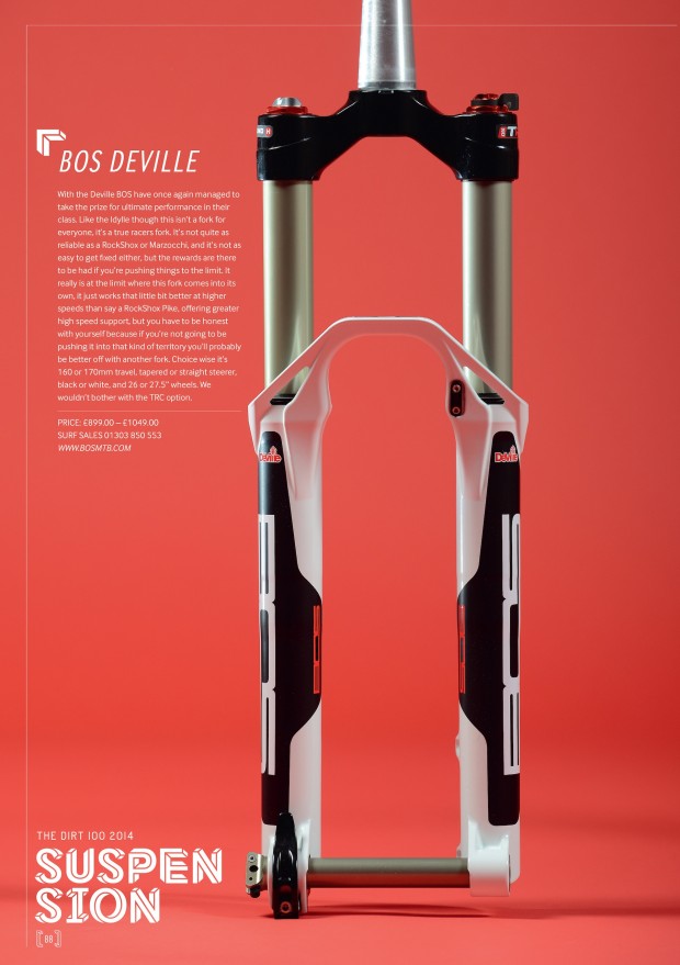 With the Deville BOS have once again managed to take the prize for ultimate performance in their class. Like the Idylle though this isn’t a fork for everyone, it’s a true racer’s fork. It’s not quite as reliable as a RockShox or Marzocchi, and it’s not as easy to get fixed either, but the rewards are there to be had if you’re pushing things to the limit. It really is at the limit where this fork comes into its own, it just works that little bit better at higher speeds than say a RockShox Pike, offering greater high speed support, but you have to be honest with yourself because if you’re not going to be pushing it into that kind of territory you’ll probably be better off with another fork. Choice wise it’s 160 or 170mm travel, tapered or straight steerer, black or white, and 26 or 27.5” wheels. We wouldn’t bother with the TRC option.
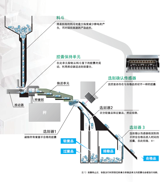 (3)監(jiān)控和跟蹤裝置內(nèi)的全數(shù)膠囊 通過3個(gè)選別器排出重量不合格的膠囊 | |
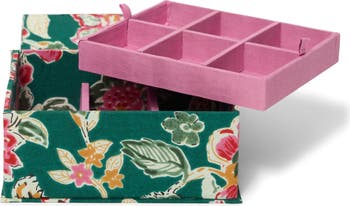 Made from cotton with a hand-printed floral design, this jewelry-organizer box is a beautiful and functional way to store your collection.
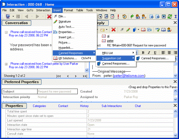 The AutoSuggest feature in Talisma provides a relevant set of Canned Responses when you are replying to an Interaction. This feature is enabled when the following conditions are met:
·····
● **TASK OBJECTIVE**
Starting with the line that holds "Made from cotton", copy every line exactly through the final line of the material, but skip the pictures.

● **RESPONSE TO THIS EXERCISE**
 Made from cotton with a hand-printed floral design, this jewelry-organizer box is a beautiful and functional way to store your collection.
 The AutoSuggest feature in Talisma provides a relevant set of Canned Responses when you are replying to an Interaction. This feature is enabled when the following conditions are met:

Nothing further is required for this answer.